So for getting around that problem after summing your Counter you can use Counter.update in order to get the desire output. It works like dict.update() but adds counts instead of replacing them.

为了解决这个问题你可以使用计数器。更新以获得期望输出。它的工作方式类似于dict.update()，但是添加计数而不是替换它们。

In [24]: A.update(B)

In [25]: A
Out[25]: Counter({'d': 5, 'b': 5, 'a': 1, 'c': -1})

7  

import itertools
import collections

dictA = {'a':1, 'b':2, 'c':3}
dictB = {'b':3, 'c':4, 'd':5}

new_dict = collections.defaultdict(int)
for k, v in itertools.chain(dictA.iteritems(), dictB.iteritems()):
    new_dict[k] += v

print dict(new_dict)

# OUTPUT
{'a': 1, 'c': 7, 'b': 5, 'd': 5}

OR

或

Alternative you can use Counter as @Martijn has mentioned above.

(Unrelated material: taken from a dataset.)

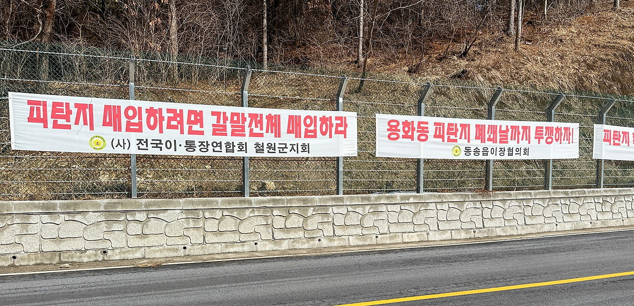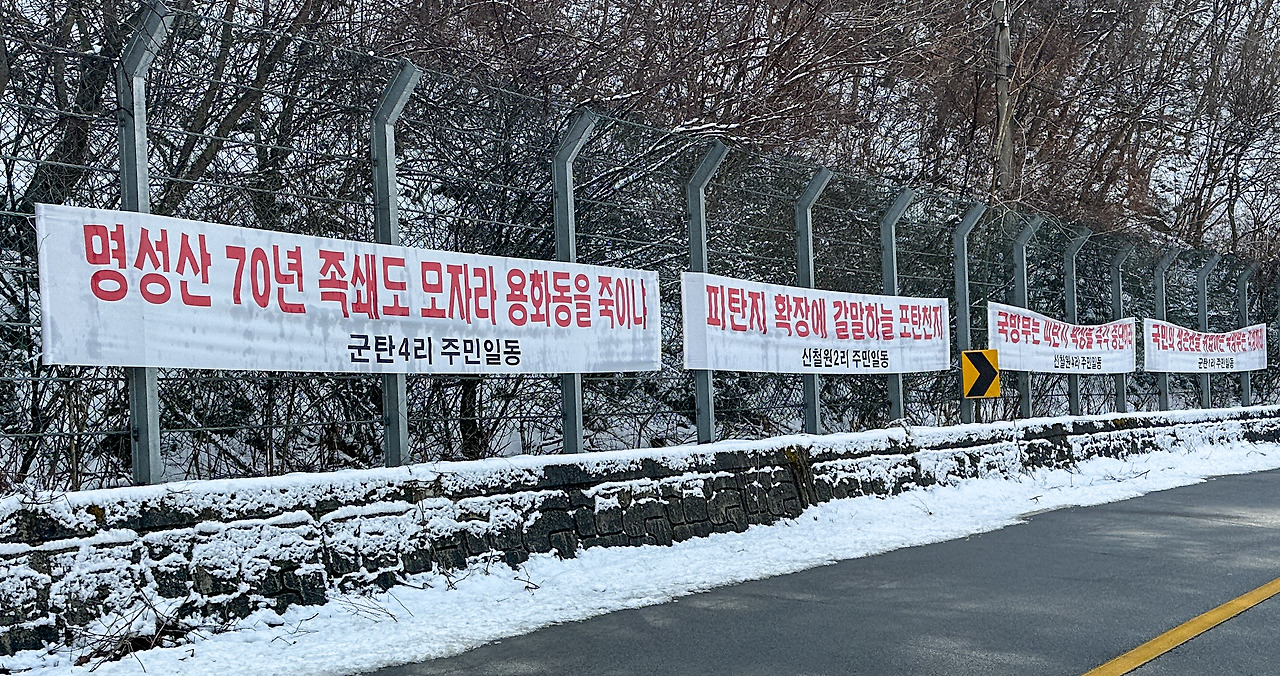 웅장한 산세 아래 위치한 마을, 입구엔 현수막이 늘어서 있다.

您可以使用Counter作为上面提到的@Martijn。

6  

For a more generic and extensible way check mergedict. It uses singledispatch and can merge values based on its types.

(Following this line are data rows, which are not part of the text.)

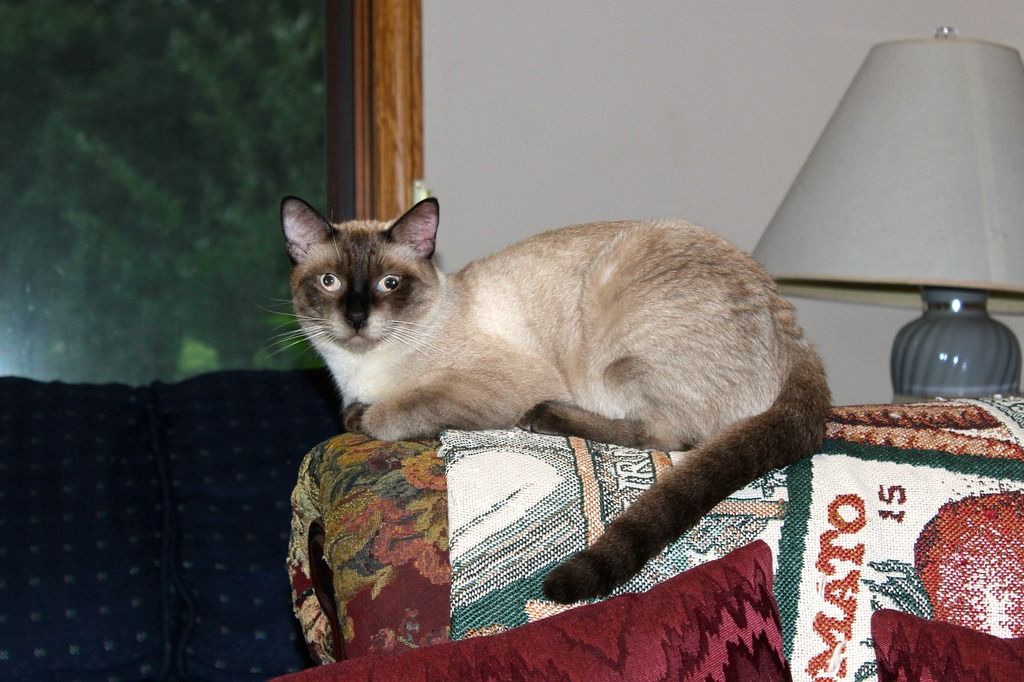 the Siamese are supposed to be siblings, but given the size difference and the white markings on Precious, I’m not convinced.
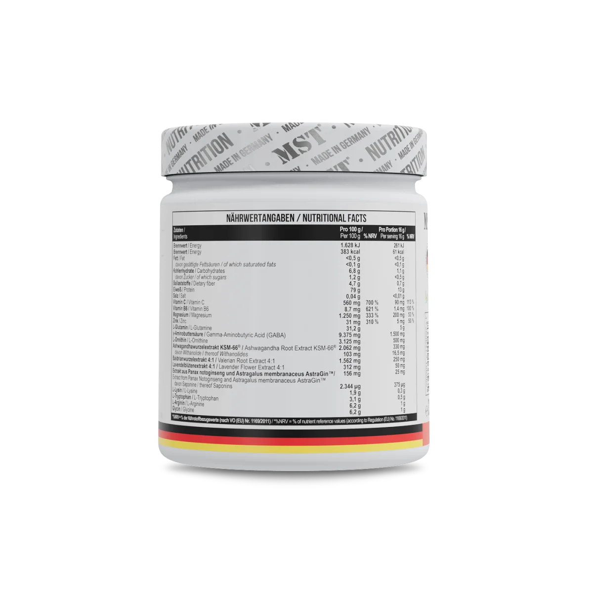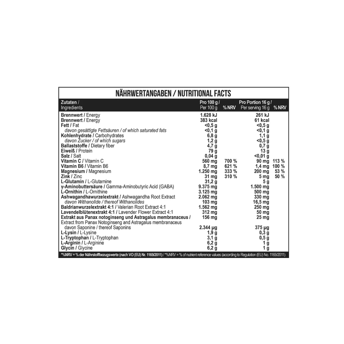Nährwertangaben pro Portion (16 g): • GABA – 1.500 mg • L-Glutamin – 5.000 mg • L-Ornithin – 1.500 mg • L-Theanin – 100 mg • KSM-66® Ashwagandha Extrakt – 300 mg • Lavendelextrakt 4:1 – 40 mg • AstraGin Panax Notoginseng & Astragalus membranaceus – 25 mg • Vitamin C – 60 mg (70 % NRV) • Vitamin B6 – 1,5 mg (107 % NRV) • Magnesium – 250 mg (67 % NRV) • Zink – 10 mg (100 % NRV) • L-Tryptophan – 200 mg • L-Arginin – 1.000 mg
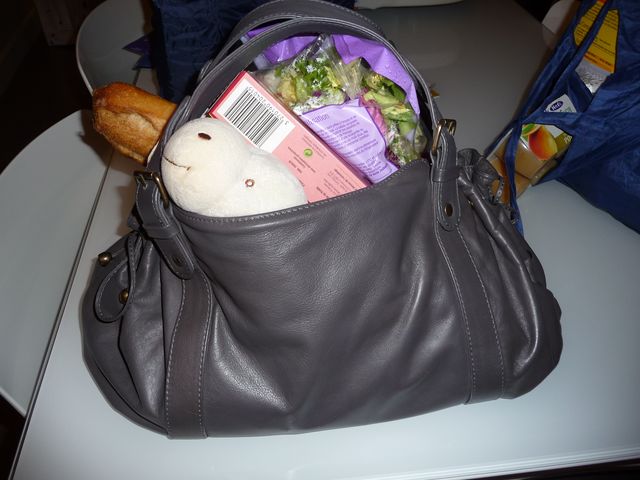 – en parlant de sac, voici le mien toujours, mon Darel à moi que j’aime d’amour et qui m’a coûté un rein, hier soir en rentrant du boulot (oui j’ai fait les courses au passage, c’était le soir, vu que j’avais déjà dû rentrer à pieds étant donné que mon bus était annoncé dans 17 minutes, autant marcher que d’attendre comme une cruche à l’arrêt !)… ça fait chic hein ? Oui il y a le doudou que ma fille m’a laissé le matin à l’école, du pain, de la salade, une pâte brisée pur beurre (oui madame) et une salade toute prête !

要获得更通用和可扩展的方法，请检查mergedict。它使用singledispatch并根据其类型合并值。

Example:

例子:

from mergedict import MergeDict

class SumDict(MergeDict):
    @MergeDict.dispatch(int)
    def merge_int(this, other):
        return this + other

d2 = SumDict({'a': 1, 'b': 'one'})
d2.merge({'a':2, 'b': 'two'})

assert d2 == {'a': 3, 'b': 'two'}

3  

Additionally, please note a.update( b ) is 2x faster than a + b

另外,请注意。更新(b)比a + b快2x

from collections import Counter
a = Counter({'menu': 20, 'good': 15, 'happy': 10, 'bar': 5})
b = Counter({'menu': 1, 'good': 1, 'bar': 3})

%timeit a + b;
## 100000 loops, best of 3: 8.62 µs per loop
## The slowest run took 4.04 times longer than the fastest. This could mean that an intermediate result is being cached.

%timeit a.update(b)
## 100000 loops, best of 3: 4.51 µs per loop

3  

From python 3.5

In this version you can do so:

在本版本中，您可以这样做:

a = {'a': 1, 'b': 2, 'c': 3}
b = {'b': 3, 'c': 4, 'd': 5}
c = {**a, **b}

>>> c
{'a': 1, 'b': 3, 'c': 4, 'd': 5}

Another way

dic1 = {'one':1,'two':2}
dic2 = {'three':3,'four':4}

dic1U2 = {}
for i in dic1.keys():
    dic1U2[i] = dic1[i]

for i in dic2.keys():
    dic1U2[i] = dic2[i]

print(dic1U2)

output:

输出:

{'one': 1, 'two': 2, 'three': 3, 'four': 4}

And ... another way eay to read

a = {'a': 1, 'b': 2, 'c': 3}
b = {'b': 3, 'c': 4, 'd': 5}

for eachkey in b:
    a[eachkey] = b[eachkey]

print(a)

output:

输出:

{'a': 1, 'b': 3, 'c': 4, 'd': 5}

2  

def merge_with(f, xs, ys):
    xs = a_copy_of(xs) # dict(xs), maybe generalizable?
    for (y, v) in ys.iteritems():
        xs[y] = v if y not in xs else f(xs[x], v)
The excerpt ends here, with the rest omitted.